映画祭での上映だが、アニメの歴史を紹介することになった経緯は。

 

知事

ヒストリカ国際映画祭は11回目で、過去にどういう順番でプログラムがあったかわかりませんが、趣旨としてはもともと映画や映像の人材を育てるための映画祭です。

今回は、『白蛇伝』という日本で最初の長編のカラーアニメーションがデジタルリマスターされて、カンヌ国際映画祭に出たということを契機として、そういうところをプログラムに充てようとして準備されたものです。京都アニメーションの事件とは直接関係なく発想されたものです。

アニメーションについての歴史はまだ浅いので、きっちり検証しないといけませんし、重要な一つのコンテンツ産業ですので、この機会に(株)京都アニメーションの作品を上映するのがふさわしいとなりました。文化博物館でやりますので、合致したということです。

 

記者

どういった立場の関係者が登壇するのか。

 

知事

それはこれからです。10月末から始まり、上映作品も決まっていませんが、なるべく早くお知らせした方がいいのではと思いましたので、上映について発表をさせていただいたということです。全体のプログラムが決まり次第、詳細をお知らせしたいと思います。

 

京都府子育て環境日本一推進戦略について

記者

子育て環境について、これまでの施策では出生率が上がらず、今回、全国平均まで引き上げることができるのか。知事の思いを含めてどう思うか。

 

知事

大前提として、合計特殊出生率がすべての子育て施策の数値を表しているわけではないということはご理解いただきたいです。一方で、全国平均に比べてかなり低いということです。子育て環境の関連施策は幅広いのですが、どうして平均に比べて低いのかできる限り客観的に数値で追ったものの、統計上・分析上の手法の限界があり、完全に分析しきれるかわかりませんが、公表されている資料を使ってやる限りは、全国平均を下回っていることがわかったので、そこにターゲットを絞ってやっていこうと考えています。ただ、非常に長い時間をかけて影響が出ていくもので、また毎年新しい世代が入って来るので、そういう意味でも「粘り強く」と書かせていただきました。今までの施策の効果のあるなしについて、検証する程の数値と施策の対応関係は持っていません。ただ、一つ一つの施策について、京都府は全国と比べても周産期医療や不妊治療など、施策のレベルとしては全国トップクラスのものをやっていますので、効果がなかったことはないと思います。ただ、なぜ全国平均より低いのかということに着目し、改めてこの部分を認識し、また、私が「日本一」を目指しているということで、一段ギアを上げて施策に取り組もうということです。今挙げた例はほんの僅かで、計画にはたくさんの事業が書かれており、こういうことを一つ一つ単年度の予算編成に生かし、京都府全体を巻き込んでいく運動にしたいと思います。

 

記者

来年度以降も府の予算でも重点施策となるのか。

 

知事

私自身の思いですが、それぞれいつまでと明確に書いていません。財政的な制約で、一度にすることはできませんが、工程表を作って的確にやっていきたいと思っています。

 

記者

目標は、出生率が40位台後半と低迷しているのを、全国平均並みにということだが、かなり野心的な数値か。

 

知事

かなり野心的だと思います。平均以上にならないといけないと思います。大都市部を抱えているところは、相対的に低いというのはあります。そういう意味では、かなり高いハードルを作ったと思います。

 

記者

実現にあたって、これまで府が子育てのための補助施策をしながらも、使われていなかったといったケースもあったが、今後市町村とどのように協力体制を築いていくのか。

 

知事

市町村ごとに見ていくと、比較的小さなところは子どもの数が少なく、例えば子育て医療は、府がやっている施策よりはるかに充実しているところもあります。北部の市町の合計出生率は1.7を超えているところもあり、市町村ごとにばらつきもありますのでそれも課題だと思っています。

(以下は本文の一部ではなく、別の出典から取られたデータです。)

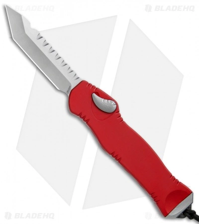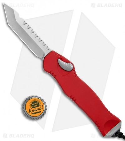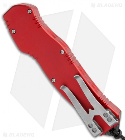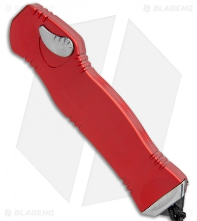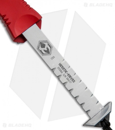 The Hydra by Heretic Knives is a powerful single-action OTF automatic knife built with a unique swiveling button safety for worry-free pocket carry. This model features a stonewashed Elmax stainless steel blade with grooved jimping along the spine. Its red aluminum handle is comfortably contoured and textured for secure use.
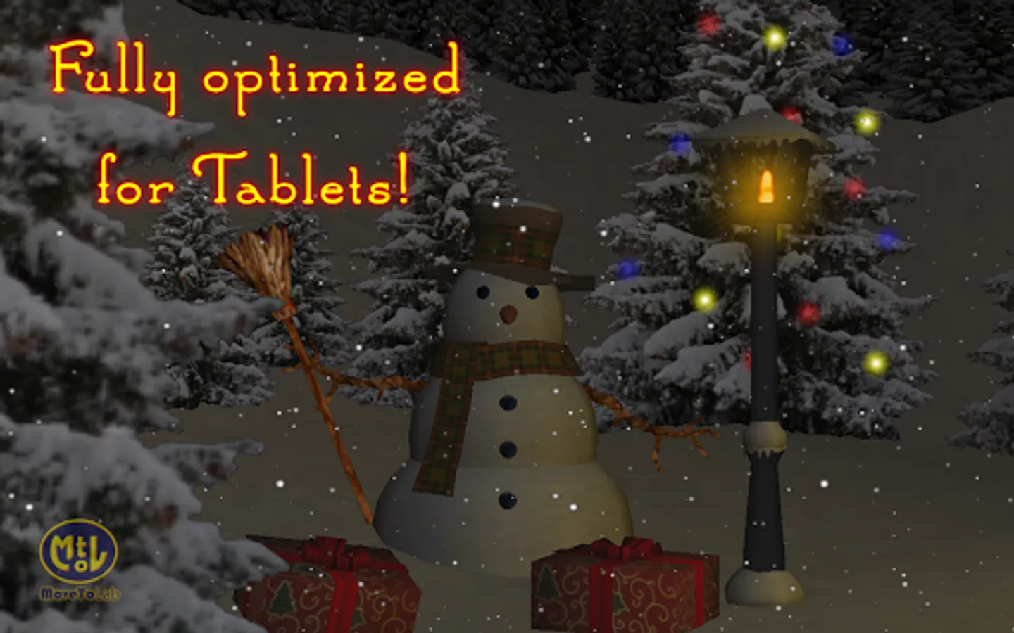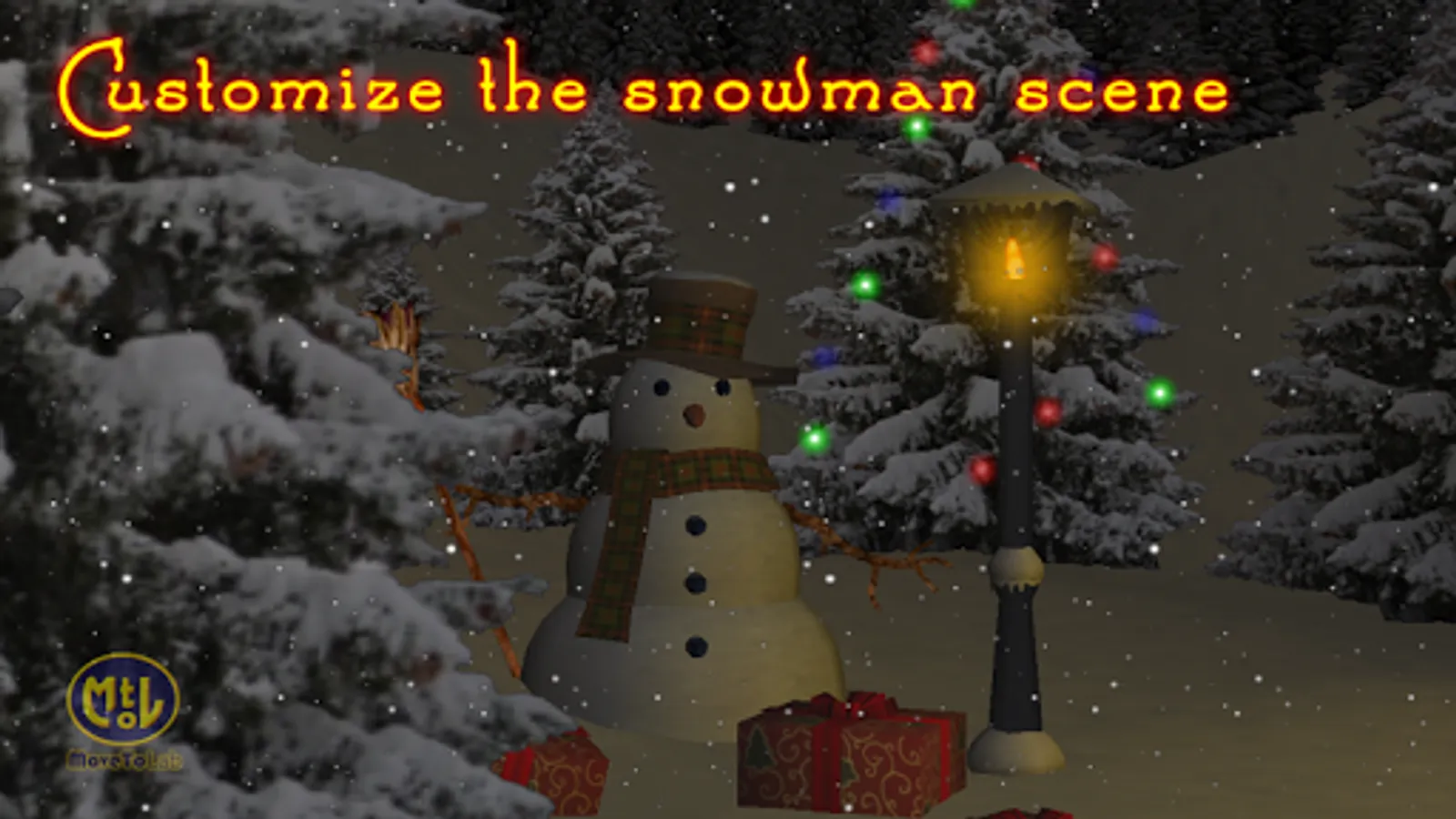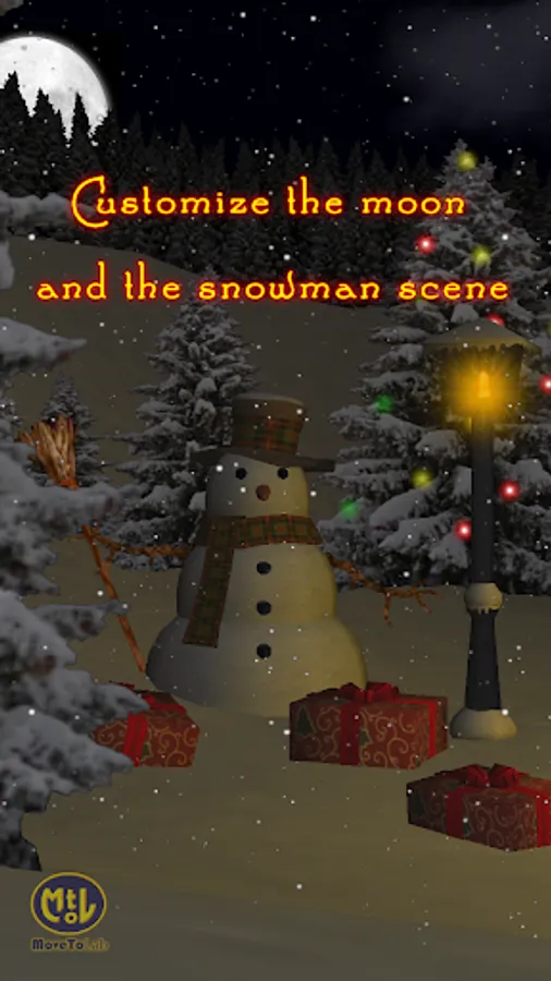 Take delight in viewing a nice snowman surrounded by plenty of Christmas gifts waiting to be opened, illuminated by the warm light of a streetlamp. You can customize the glow effect, the flickering flame and its brightness.

少子高齢化、人口減少社会にどう対応するか、子育て環境が重要だという認識は広まりつつあると思うので、足並みはそろえていただけると思います。市町村との連携はもちろん重要ですし、ほとんどの市町村の現場できめ細かい施策をやっています。行政だけではできないこともあるので、京都府が引っ張っていって、社会全体の気運を醸成することが我々の大きな使命だと思っています。